Remember The New Year Resolutions You Didn’t Keep?

Bridget Jones

Did you look at the calendar on your phone this morning and die a little bit inside when you saw it was July 1st? We are now officially past the mid-point of the year, and while this means we’re closer to the cosy sap-fest that is Christmas, it also means time is flying, and 2015 is halfway done. Which means Reflection Time on how much we have achieved during the Year of the Sheep so far. Or rather, which New Year’s Resolutions we didn’t solemnly keep.

So, let’s all have a collective flinch and raise some cocktail glasses – by cocktail we mean any kind of alcohol plus ice – if you didn’t do the following so far this year:

  • Run a 10K fun run in aid of charity. (Can we just sponsor someone else come payday?)
  • Buy a spiralizer. (Blame the Hemsley sisters and their glowing heads for this bank statement entry.)
  • Use the spiralizer you spent a small fortune on. (You say the courgette is a versatile vegetable, we say bring back the potato, that darling boils in no time.)
  • Open the cookbooks you binge bought on Amazon after you binge ate the entire chipper on New Year’s Eve. (This 5-week journey to sugar-free is taking a little bit longer than anticipated.)
  • Take up yoga and pilates. (Does stretching every morning in bed count?)
  • Learn French. (To be honest, we’re more interested in learning Dutch because of The Age of Adaline and Game of Thrones actor Michiel Huisman.)
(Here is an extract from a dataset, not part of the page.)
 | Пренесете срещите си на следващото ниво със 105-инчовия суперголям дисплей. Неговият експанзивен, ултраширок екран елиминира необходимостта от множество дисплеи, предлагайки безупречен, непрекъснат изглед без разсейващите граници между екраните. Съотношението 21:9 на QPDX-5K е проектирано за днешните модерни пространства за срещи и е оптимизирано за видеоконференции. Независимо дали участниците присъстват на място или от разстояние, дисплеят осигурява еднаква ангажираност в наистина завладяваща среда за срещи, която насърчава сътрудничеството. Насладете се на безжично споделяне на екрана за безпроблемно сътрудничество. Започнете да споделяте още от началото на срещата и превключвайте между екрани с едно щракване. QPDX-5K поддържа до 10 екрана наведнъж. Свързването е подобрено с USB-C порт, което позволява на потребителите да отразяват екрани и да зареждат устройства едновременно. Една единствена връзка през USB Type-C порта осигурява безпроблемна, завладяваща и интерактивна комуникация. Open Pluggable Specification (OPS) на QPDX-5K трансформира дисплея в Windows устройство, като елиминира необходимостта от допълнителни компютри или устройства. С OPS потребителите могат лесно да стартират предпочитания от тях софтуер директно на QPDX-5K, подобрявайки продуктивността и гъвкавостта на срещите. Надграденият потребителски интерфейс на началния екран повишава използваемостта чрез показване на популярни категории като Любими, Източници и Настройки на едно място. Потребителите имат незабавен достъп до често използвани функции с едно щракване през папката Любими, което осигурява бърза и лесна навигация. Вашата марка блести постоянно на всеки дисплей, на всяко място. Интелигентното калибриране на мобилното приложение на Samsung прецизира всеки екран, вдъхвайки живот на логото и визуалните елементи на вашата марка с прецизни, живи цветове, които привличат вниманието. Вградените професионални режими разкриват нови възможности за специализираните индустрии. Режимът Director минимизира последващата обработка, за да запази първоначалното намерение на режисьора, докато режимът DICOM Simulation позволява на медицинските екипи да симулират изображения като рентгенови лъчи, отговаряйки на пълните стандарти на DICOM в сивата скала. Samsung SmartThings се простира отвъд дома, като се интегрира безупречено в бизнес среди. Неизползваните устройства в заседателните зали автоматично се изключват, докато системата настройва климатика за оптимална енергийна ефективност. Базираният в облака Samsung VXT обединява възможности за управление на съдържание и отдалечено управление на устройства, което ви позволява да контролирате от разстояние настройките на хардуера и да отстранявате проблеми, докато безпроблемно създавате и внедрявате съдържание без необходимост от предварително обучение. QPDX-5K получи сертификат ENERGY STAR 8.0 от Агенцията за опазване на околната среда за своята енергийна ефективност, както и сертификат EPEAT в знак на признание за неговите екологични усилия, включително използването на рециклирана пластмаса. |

It’s time for #TheDancewithDragons… Are you ready?! #GoTSeason5 @gameofthrones A photo posted by Michiel Huisman (@michielhuisman) on

  • Give up your daily chai latte habit. (Some people take happy pills, we need overpriced heated milk to not go crazy on a regular basis.)
  • Ask more questions regarding your pension plane beyond “Am I f***ed?” (If we read the entire newspaper every day we’d have a necessary botox habit.)
  • Go to the gym three times a week. (Replace ‘go’ with ‘watch’ and ‘gym’ with ‘The Good Wife’.)
  • Make your own granola. (If we made our own cereal then how can we support the hardworking farmers who are trying to sell their tasty granola, explain that one economists?)
  • Keep a journal. (Somedays are just too grim to chronicle, especially if they involve commuting and manspreading.)
  • Work on your personal brand across social media. (Actually, it might be a good idea to go back through your Facebook and delete some old photos. Especially if they involve dressing as a Playboy bunny when you were 19 because potential political career reasons.)
  • Making a sartorial effort in work and dressing for the job you want. (If I dress like a 12-year-old girl from 2003 will everyone leave me alone and let me read Harry Potter instead of doing any work?)
  • Stop comparing your real life to other people’s online lives. (“You only woke up like that because of the Valencia filter” = us talking to our phones every Sunday morning.)